→ **DATA UNDER STUDY**:

-=-=-

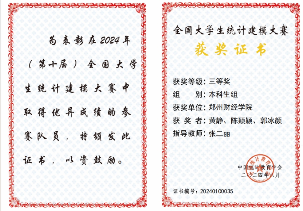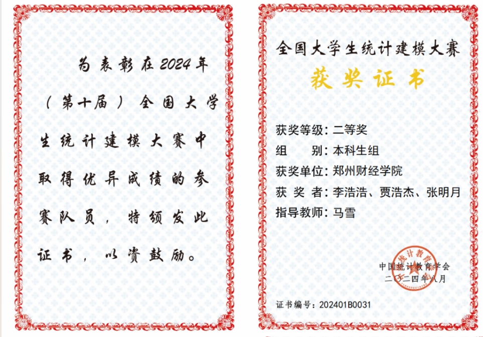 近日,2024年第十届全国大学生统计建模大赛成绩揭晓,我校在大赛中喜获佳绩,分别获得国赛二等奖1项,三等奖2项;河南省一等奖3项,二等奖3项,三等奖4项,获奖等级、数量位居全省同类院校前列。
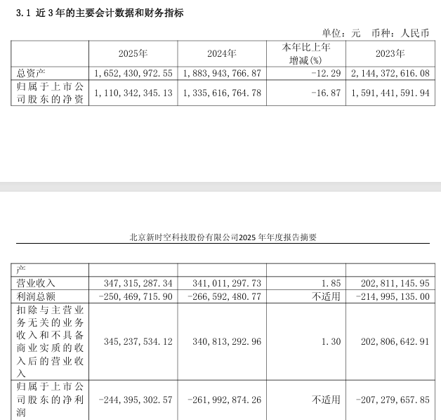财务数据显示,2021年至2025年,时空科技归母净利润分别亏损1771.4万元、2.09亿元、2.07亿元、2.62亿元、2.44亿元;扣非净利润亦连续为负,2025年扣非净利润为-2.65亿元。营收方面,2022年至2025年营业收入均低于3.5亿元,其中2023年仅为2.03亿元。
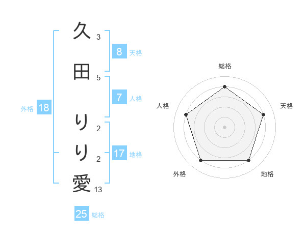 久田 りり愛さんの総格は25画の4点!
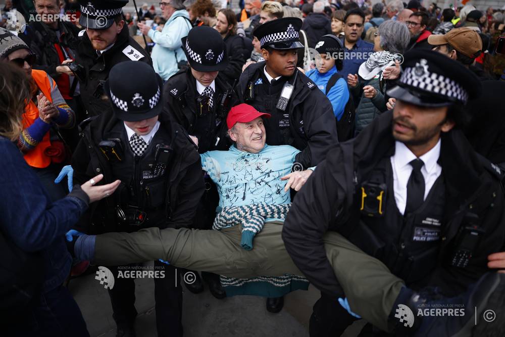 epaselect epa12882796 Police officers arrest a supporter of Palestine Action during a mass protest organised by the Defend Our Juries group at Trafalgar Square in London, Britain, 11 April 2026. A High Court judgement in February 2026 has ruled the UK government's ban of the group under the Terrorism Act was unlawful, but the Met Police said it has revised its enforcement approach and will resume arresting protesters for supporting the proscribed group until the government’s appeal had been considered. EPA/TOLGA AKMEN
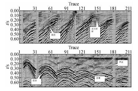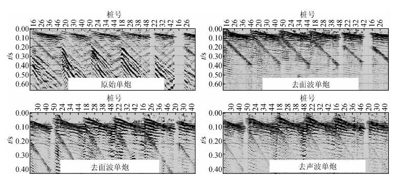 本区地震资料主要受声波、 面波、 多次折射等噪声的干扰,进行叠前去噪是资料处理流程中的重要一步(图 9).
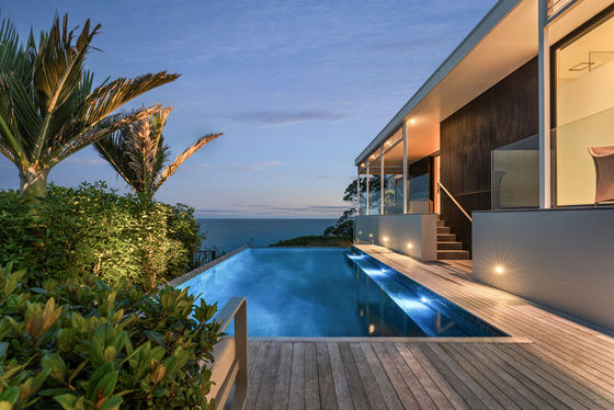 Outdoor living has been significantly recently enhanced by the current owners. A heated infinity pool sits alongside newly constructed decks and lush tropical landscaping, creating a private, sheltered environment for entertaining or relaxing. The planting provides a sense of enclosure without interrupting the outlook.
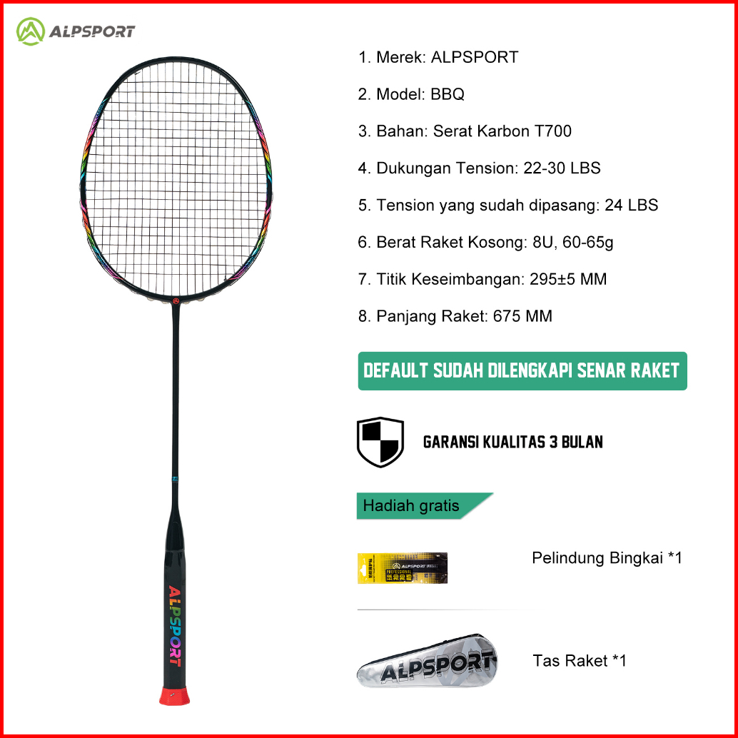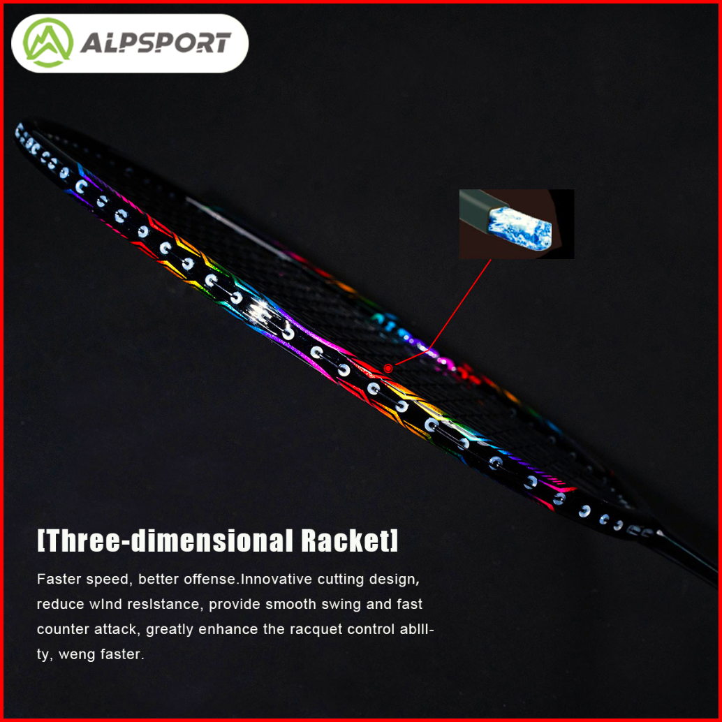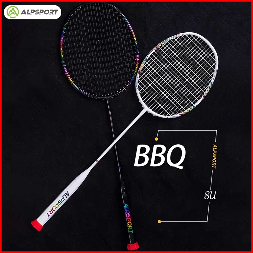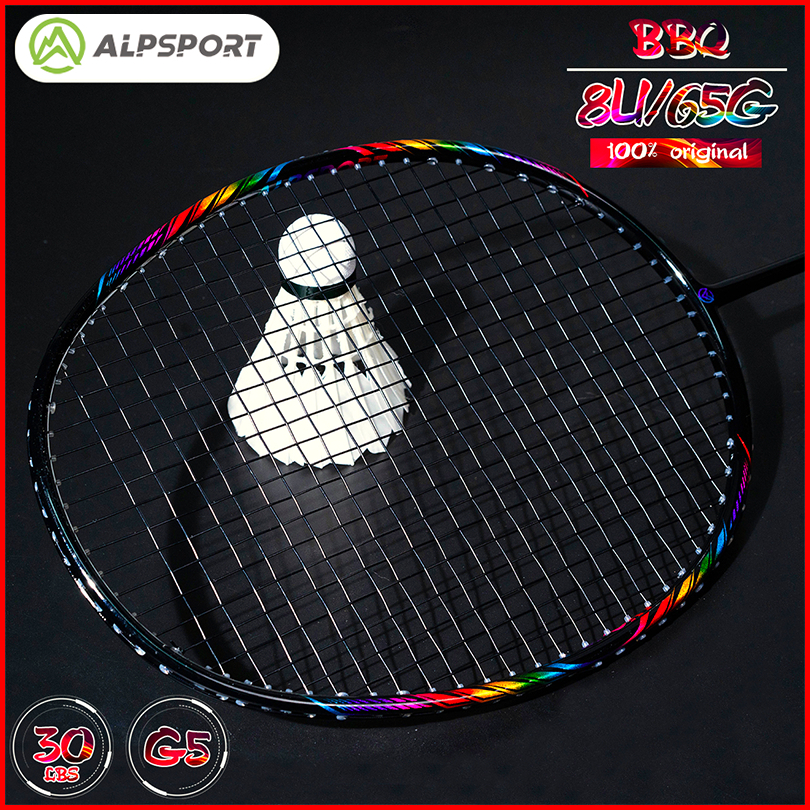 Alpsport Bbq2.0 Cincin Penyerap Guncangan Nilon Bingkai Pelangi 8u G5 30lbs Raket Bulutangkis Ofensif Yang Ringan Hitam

-=-=-

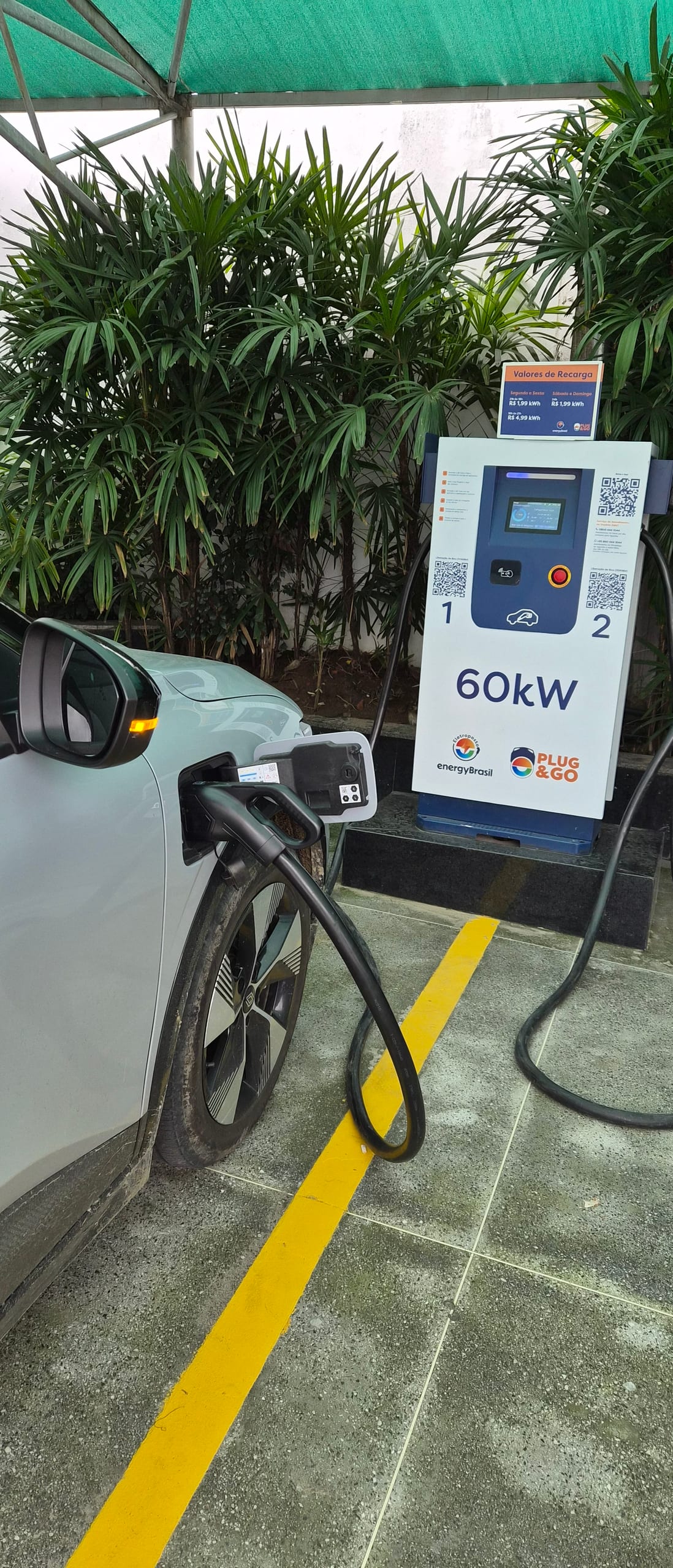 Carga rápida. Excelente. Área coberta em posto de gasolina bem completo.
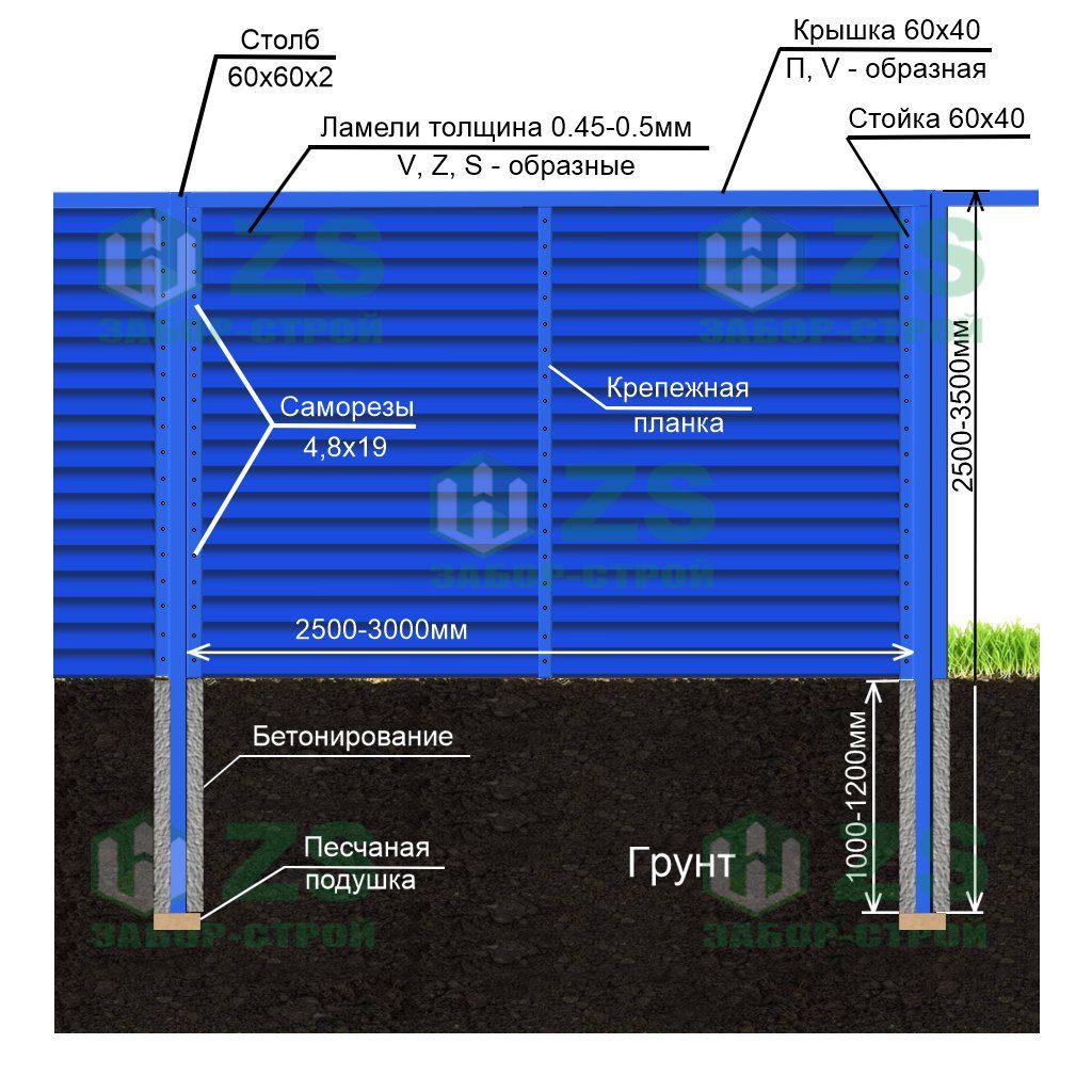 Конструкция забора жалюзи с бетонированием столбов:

-=-=-

→ **PROBLEM TO WORK ON**: Copy out the lines above from the line containing "Outdoor living has" through the line containing "Alpsport Bbq2.0 Cincin", exactly, and keep the pictures out.

→ **ANSWER SECTION**:
 Outdoor living has been significantly recently enhanced by the current owners. A heated infinity pool sits alongside newly constructed decks and lush tropical landscaping, creating a private, sheltered environment for entertaining or relaxing. The planting provides a sense of enclosure without interrupting the outlook.
 Alpsport Bbq2.0 Cincin Penyerap Guncangan Nilon Bingkai Pelangi 8u G5 30lbs Raket Bulutangkis Ofensif Yang Ringan Hitam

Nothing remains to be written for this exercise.